> **EXCERPTED RECORDS**:

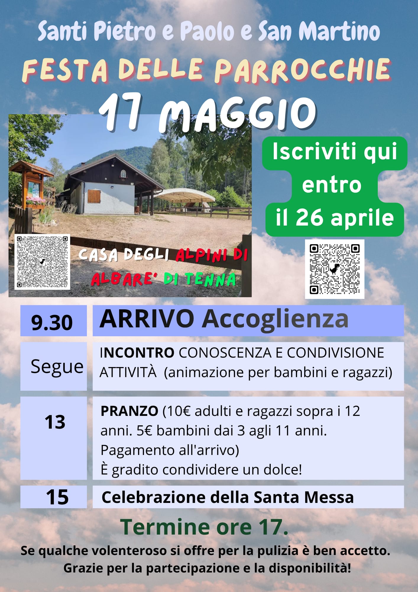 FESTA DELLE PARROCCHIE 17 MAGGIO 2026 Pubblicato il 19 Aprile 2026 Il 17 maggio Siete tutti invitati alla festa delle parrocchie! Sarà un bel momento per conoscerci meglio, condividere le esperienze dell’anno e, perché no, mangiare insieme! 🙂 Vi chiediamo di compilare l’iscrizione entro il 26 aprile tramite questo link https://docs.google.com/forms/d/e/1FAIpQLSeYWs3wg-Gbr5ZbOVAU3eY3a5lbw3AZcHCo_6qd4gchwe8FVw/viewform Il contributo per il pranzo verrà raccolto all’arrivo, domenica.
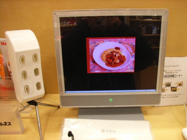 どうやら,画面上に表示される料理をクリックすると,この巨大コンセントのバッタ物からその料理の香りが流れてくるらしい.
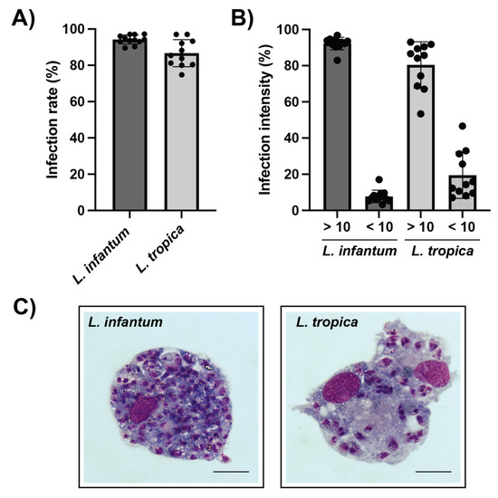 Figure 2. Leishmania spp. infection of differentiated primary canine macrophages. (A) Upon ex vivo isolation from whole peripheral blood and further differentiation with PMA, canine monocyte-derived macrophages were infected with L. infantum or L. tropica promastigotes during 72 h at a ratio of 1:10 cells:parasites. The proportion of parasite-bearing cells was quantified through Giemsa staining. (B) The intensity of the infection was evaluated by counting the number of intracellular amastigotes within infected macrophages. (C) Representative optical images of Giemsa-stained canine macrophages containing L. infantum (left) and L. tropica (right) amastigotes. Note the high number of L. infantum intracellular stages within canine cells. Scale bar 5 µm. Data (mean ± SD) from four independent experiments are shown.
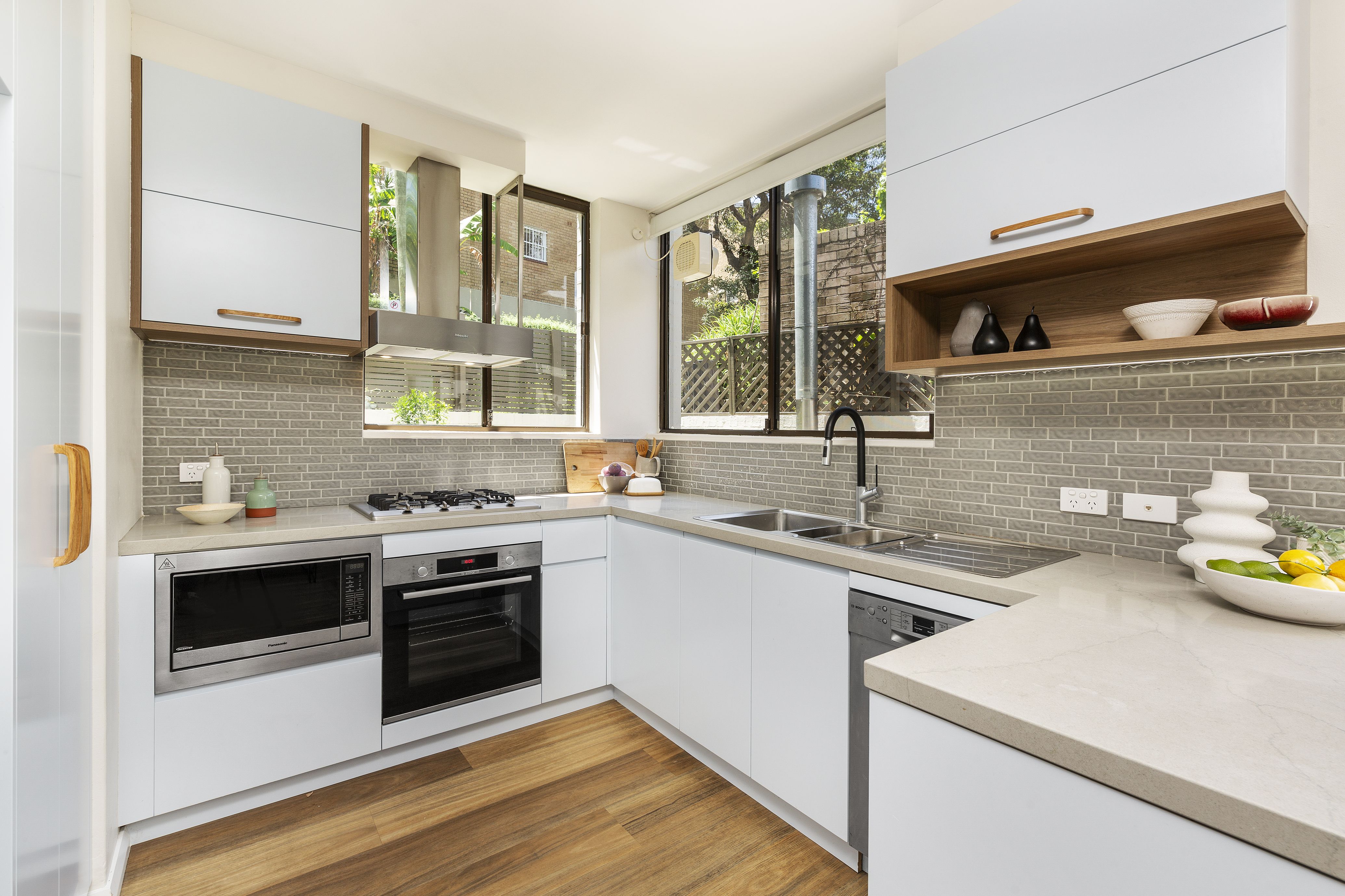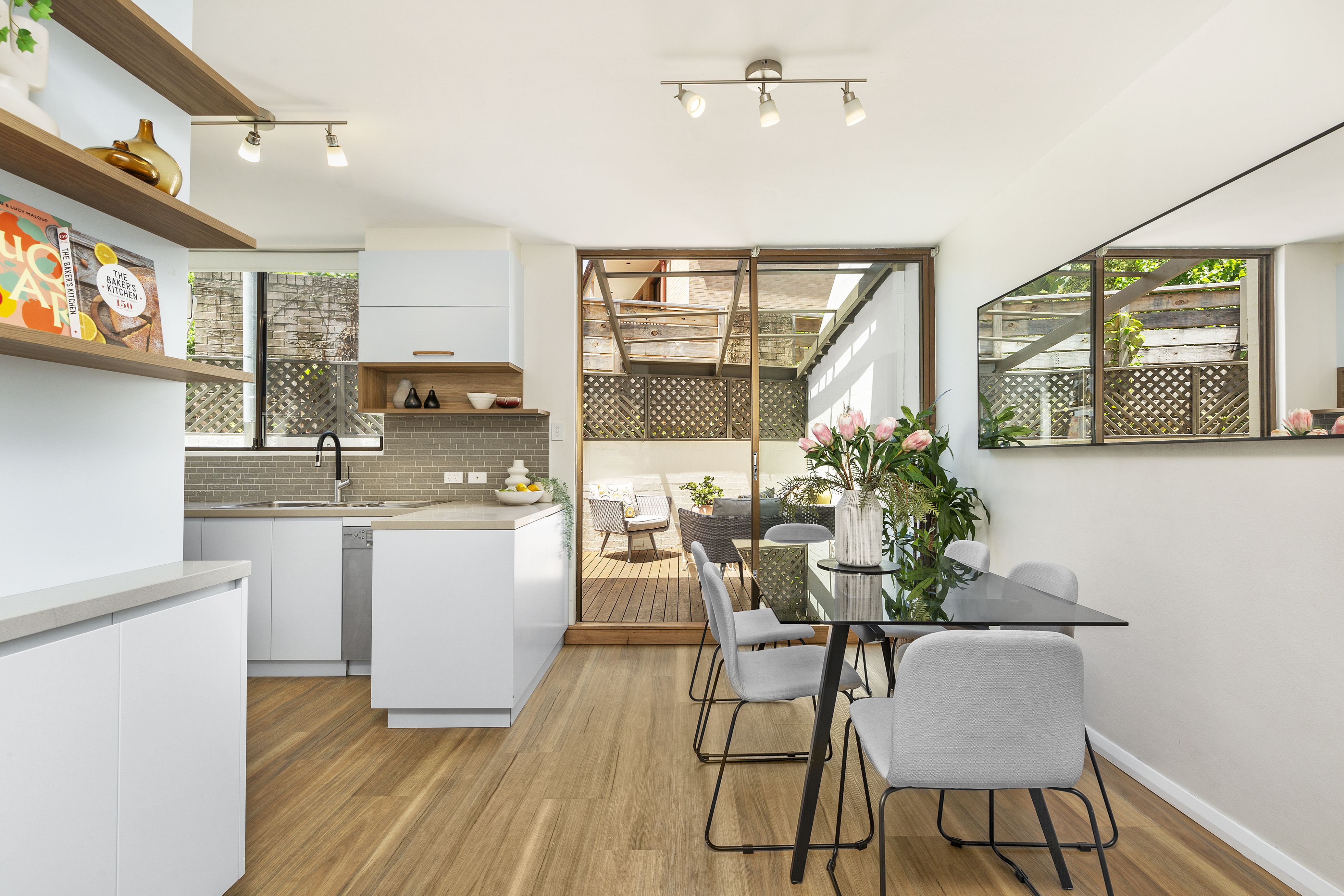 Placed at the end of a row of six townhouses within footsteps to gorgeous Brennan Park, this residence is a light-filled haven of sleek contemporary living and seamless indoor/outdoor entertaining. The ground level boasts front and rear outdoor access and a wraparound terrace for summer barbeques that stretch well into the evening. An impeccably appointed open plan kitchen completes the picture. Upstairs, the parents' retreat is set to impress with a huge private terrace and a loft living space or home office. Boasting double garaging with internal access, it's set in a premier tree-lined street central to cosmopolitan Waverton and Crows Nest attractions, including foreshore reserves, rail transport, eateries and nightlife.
--
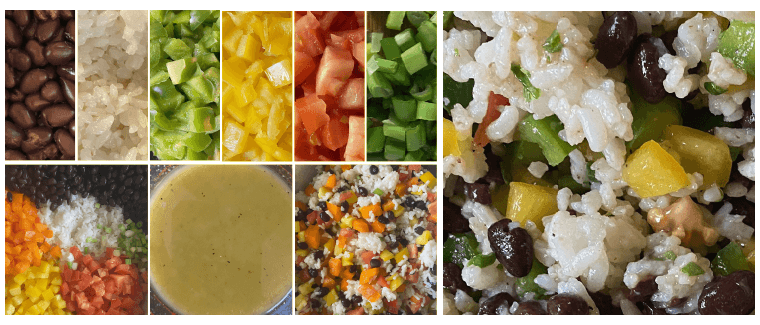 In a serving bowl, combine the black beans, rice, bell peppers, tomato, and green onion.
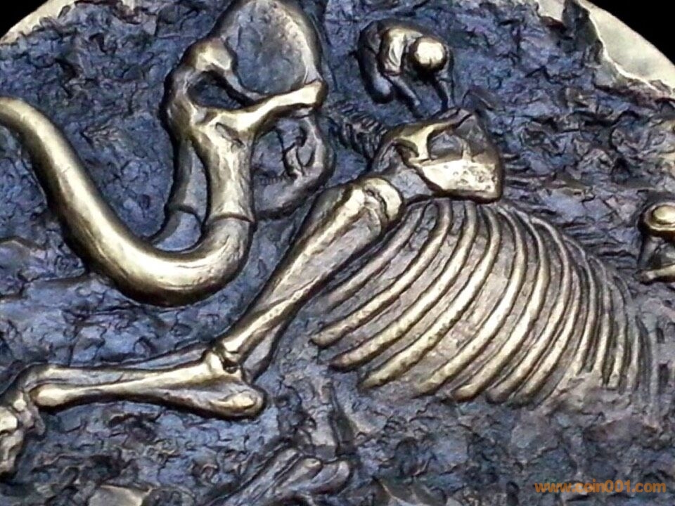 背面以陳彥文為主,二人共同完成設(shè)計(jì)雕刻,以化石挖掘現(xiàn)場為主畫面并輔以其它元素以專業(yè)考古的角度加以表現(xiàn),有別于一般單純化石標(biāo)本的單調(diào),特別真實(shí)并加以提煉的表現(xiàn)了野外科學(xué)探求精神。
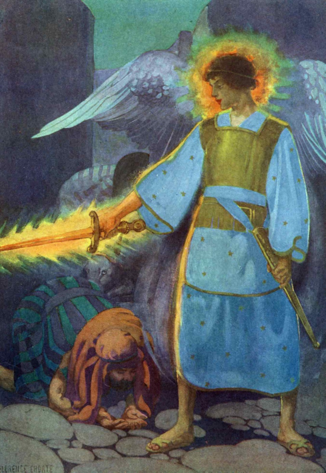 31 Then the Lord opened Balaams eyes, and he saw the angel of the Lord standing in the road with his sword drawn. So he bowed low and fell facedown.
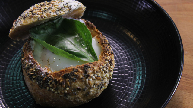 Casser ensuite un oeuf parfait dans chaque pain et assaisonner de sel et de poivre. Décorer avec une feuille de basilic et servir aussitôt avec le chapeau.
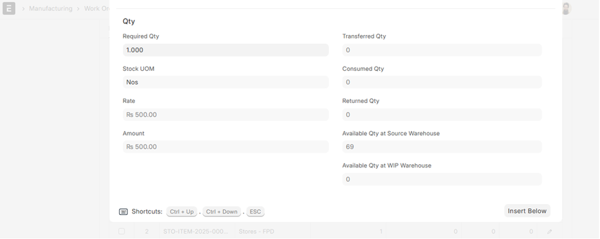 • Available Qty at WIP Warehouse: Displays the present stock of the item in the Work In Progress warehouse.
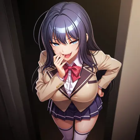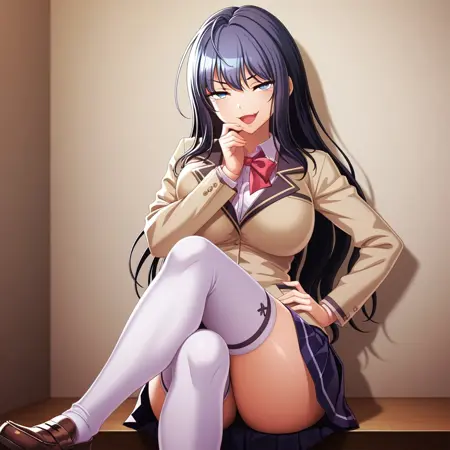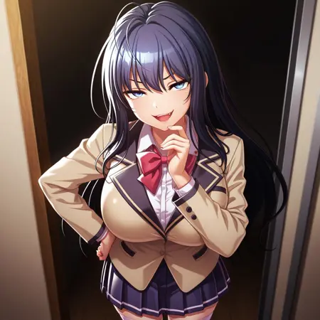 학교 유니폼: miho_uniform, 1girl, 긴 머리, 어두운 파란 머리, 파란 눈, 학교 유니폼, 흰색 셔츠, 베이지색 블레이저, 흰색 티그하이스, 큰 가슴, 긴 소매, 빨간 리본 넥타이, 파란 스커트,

> **TASK REQUIREMENTS**:
Quote the data above exactly from the line with "In Progress warehouse." to the line with "학교 유니폼: miho_uniform, 1girl, 긴", both ends counted, and nothing else. Pictures don't go in.

> **SOLUTION TO THE EXERCISE**:
 • Available Qty at WIP Warehouse: Displays the present stock of the item in the Work In Progress warehouse.
 학교 유니폼: miho_uniform, 1girl, 긴 머리, 어두운 파란 머리, 파란 눈, 학교 유니폼, 흰색 셔츠, 베이지색 블레이저, 흰색 티그하이스, 큰 가슴, 긴 소매, 빨간 리본 넥타이, 파란 스커트,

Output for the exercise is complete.